Try it » Among the entries below, the lines from the one with "To gain the" up to and including the one with "屋主本来想把阳台做成飘窗,不" are to be restated exactly, without pictures.

Extracted entries »
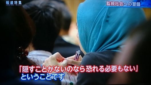 テロ対策の名のもとに監視され、何かをしたわけでもないのに「計画したな」と言われて逮捕。自分自身は何もしてないのに、計画した組織に関わっていただけで逮捕。共産党も日弁連も、政府方針に逆らえば監視されて、何か言いがかりをつけられて逮捕。
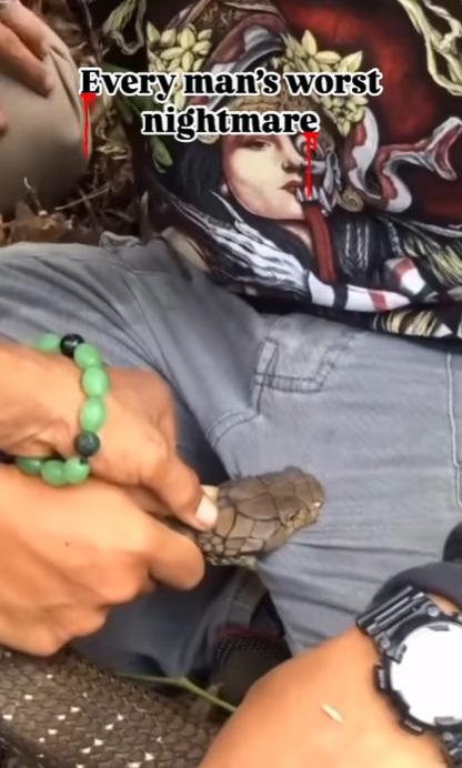 男子被蛇咬住褲襠左邊位置不放,被嘲是「男士最壞的噩夢」。(互聯網)
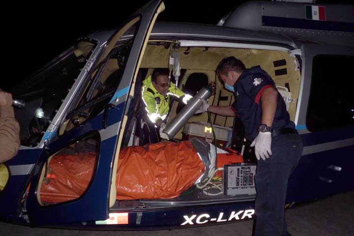 Rápidamente se activaron las alarmas y un helicóptero del gobierno del estado voló hasta la zona, donde personal de Protección Civil Estatal (PCE) atendió al paciente para enseguida trasladarlo en la aeronave a la capital... Ver más...
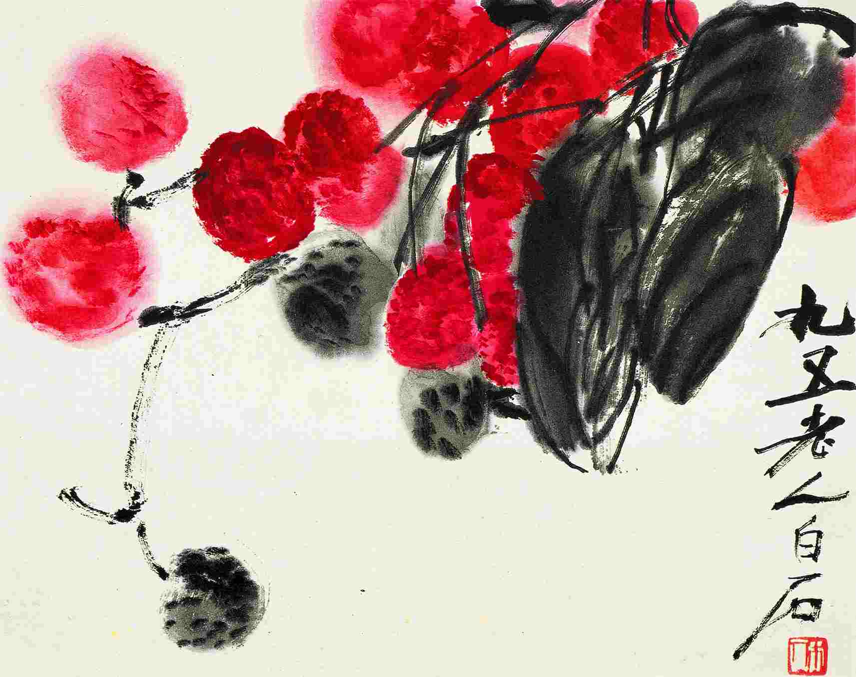 二三八 荔枝(花果册之二) 一九五五年 縱二七厘米 橫三四厘米
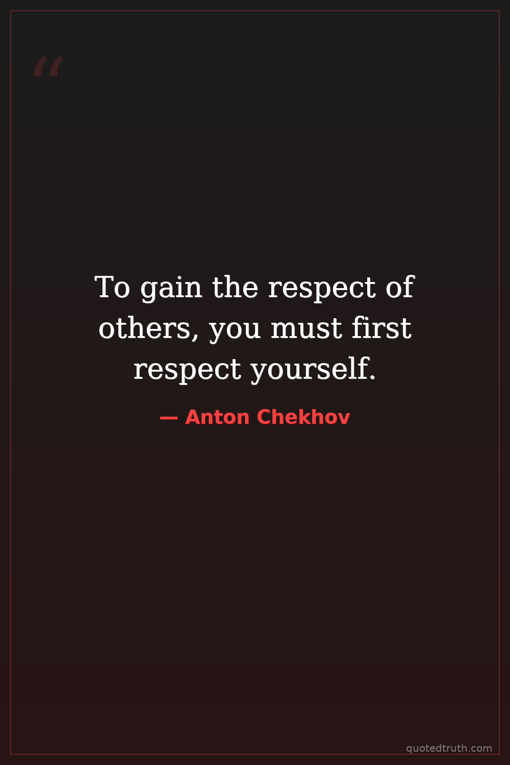 To gain the respect of others, you must first respect yourself.
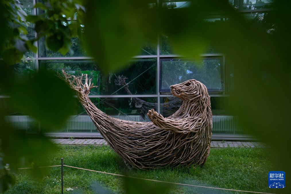 這是5月6日在波蘭首都華沙拍攝的海豹樹枝雕塑。
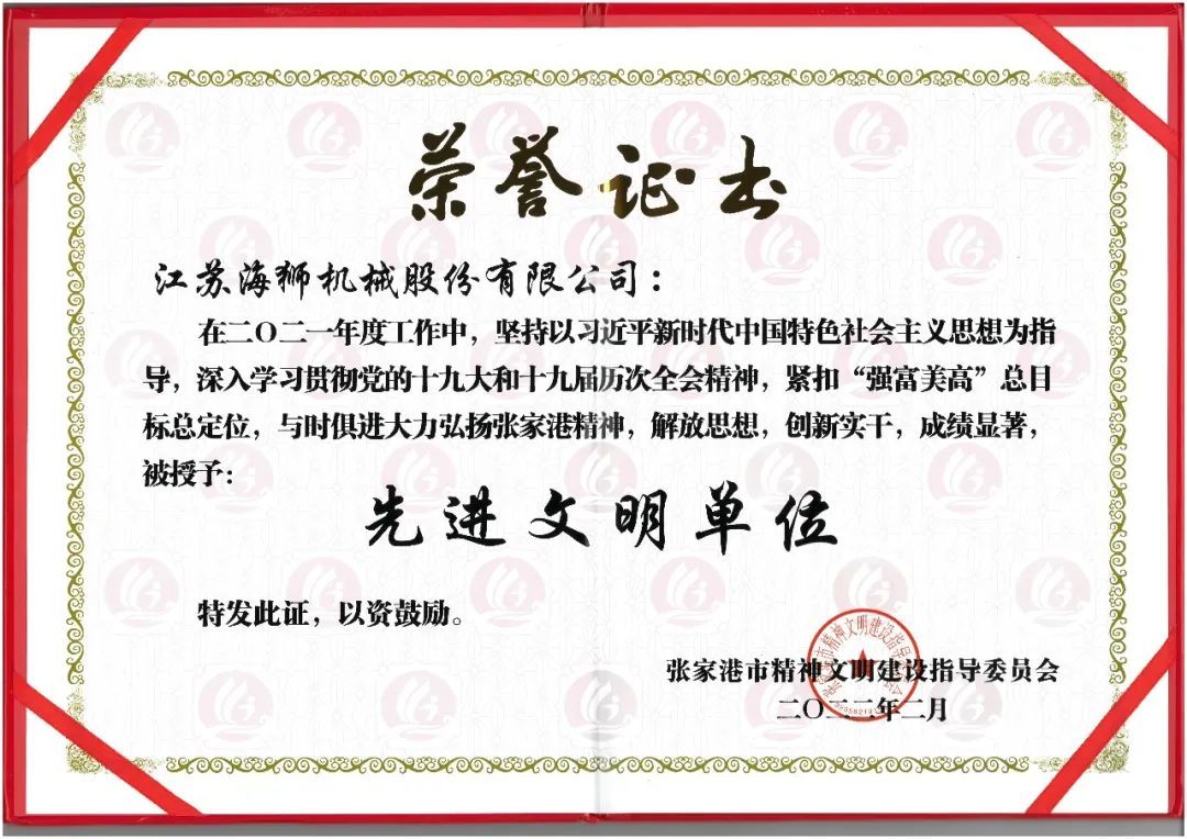 公司榮獲2021年度張家港市先進(jìn)文明單位。
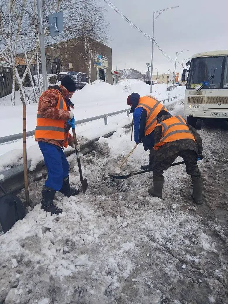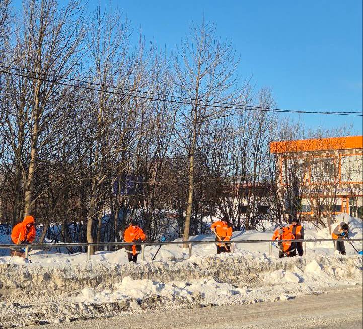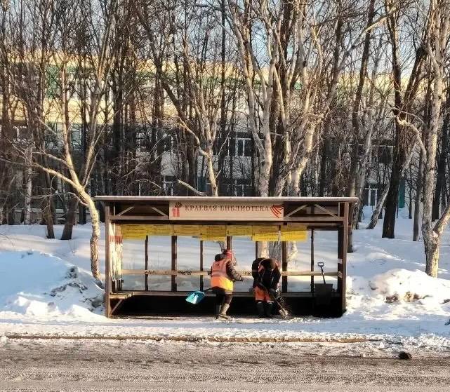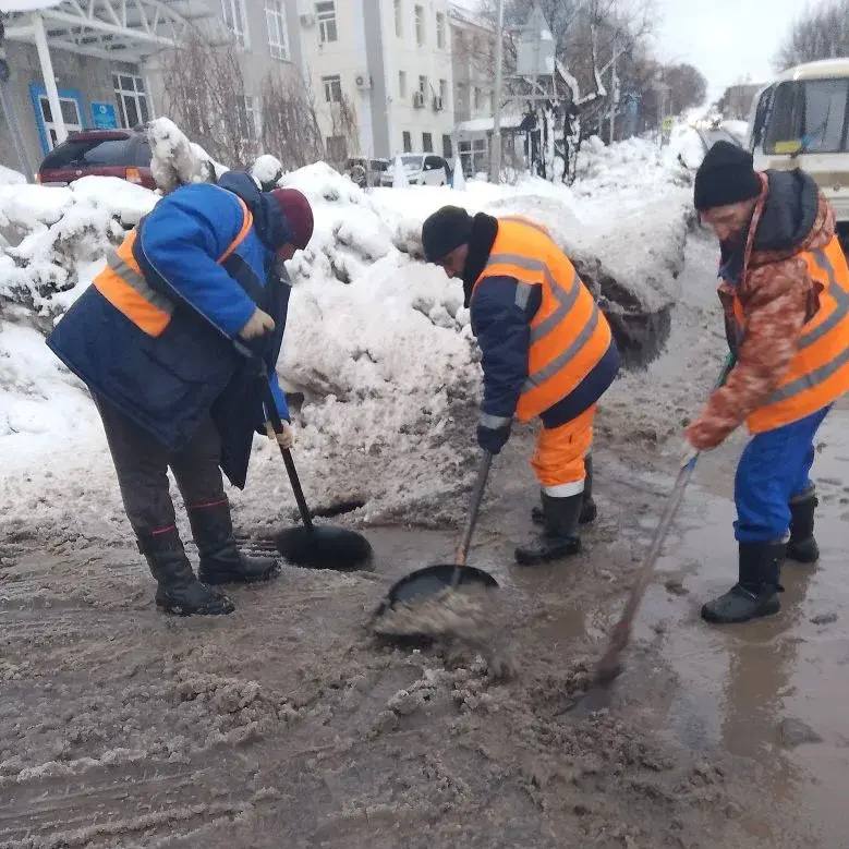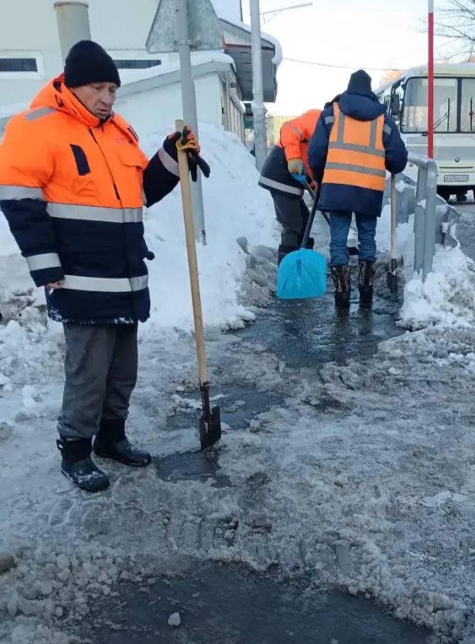 Бригады ручного труда очищают автобусные остановки, тротуары, решетки ливневых канализаций.
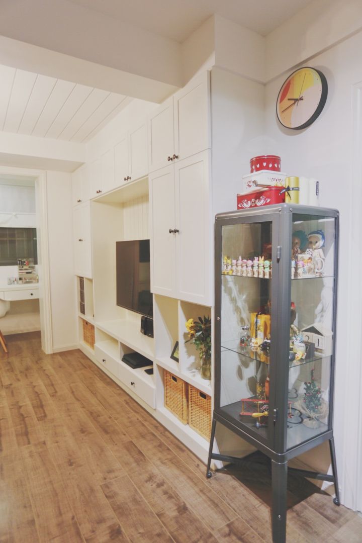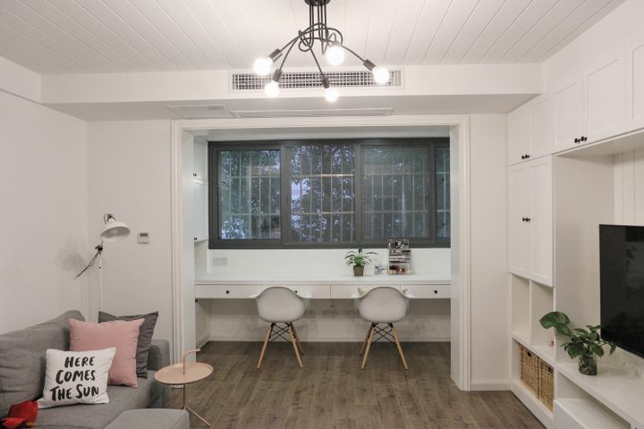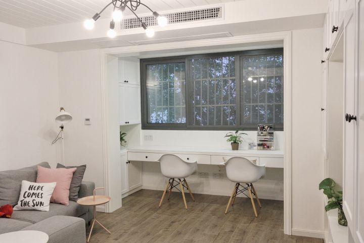 屋主本来想把阳台做成飘窗,不过问过了很多朋友,都说自己家飘窗沦为了堆杂物的地方。于是把阳台设计成了「书房」,两边做成高柜,放书。
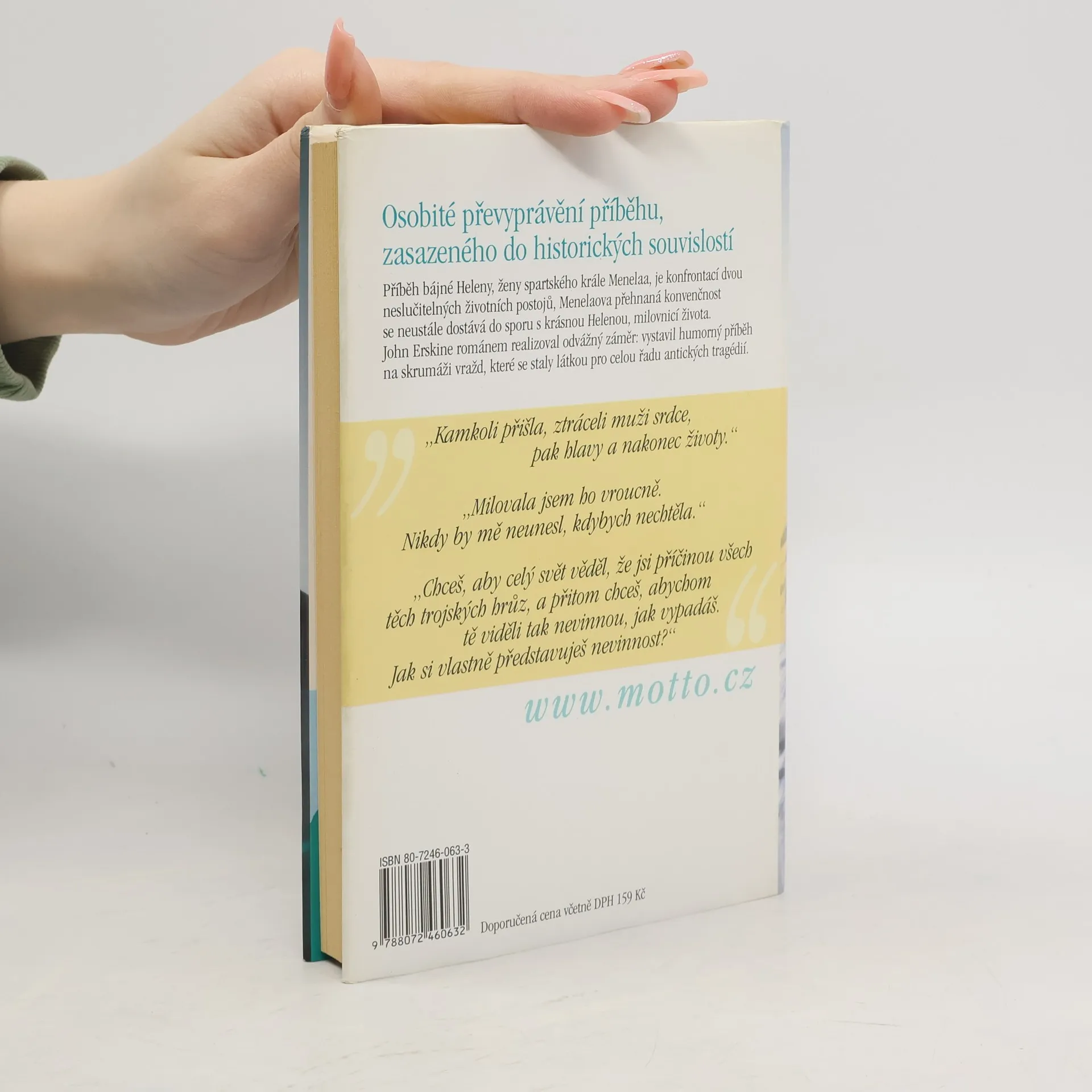 Humor je vzácné koření a autoři, kteří ho umějí rozdávat,by měli patřit k nejvzácnějším. Tím odvážnější je pak záměr vystavět humorný příběh na skrumáži vražd, které poskytly látku k celé řadě proslulých řeckých tragédií. Příběh Heleny, Meneláa a Parida je všeobecně znám. John Erskine se rozhodl interpretovat příběh jinak. Šlo mu spíš o to postavit proti sobě dvě životní filozofie. Jedna - reprezentovaná bezradným a vždy znovu trapným Meneláem - se pokouší vtěsnat život do zkostnatělých konvencí, druhá - Helenina - je naplněna láskou k životu. Dvě neslučitelné koncepce, dva prototypy, mužský a ženský. Knížka plná jemné ironie, duchaplných dialogů a bystrých filozofických postřehů.
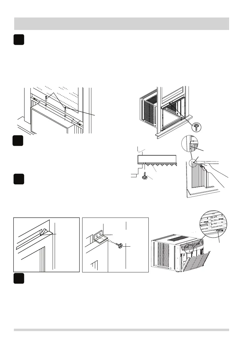 snap into place on cabinet. Insert 4 previously removed screws through front panel and into air conditioner.
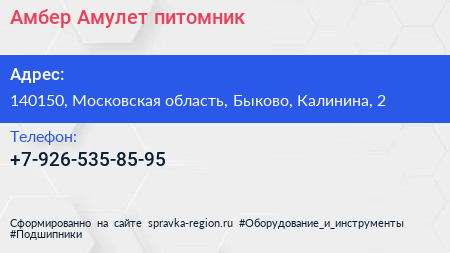 Амбер Амулет, питомник по адресу 140150, Московская область, Быково, Калинина, 2 в дальнейшем Организация, размещена в следующих категориях:

Solution below »
 To gain the respect of others, you must first respect yourself.
 這是5月6日在波蘭首都華沙拍攝的海豹樹枝雕塑。
 公司榮獲2021年度張家港市先進(jìn)文明單位。
 Бригады ручного труда очищают автобусные остановки, тротуары, решетки ливневых канализаций.
 屋主本来想把阳台做成飘窗,不过问过了很多朋友,都说自己家飘窗沦为了堆杂物的地方。于是把阳台设计成了「书房」,两边做成高柜,放书。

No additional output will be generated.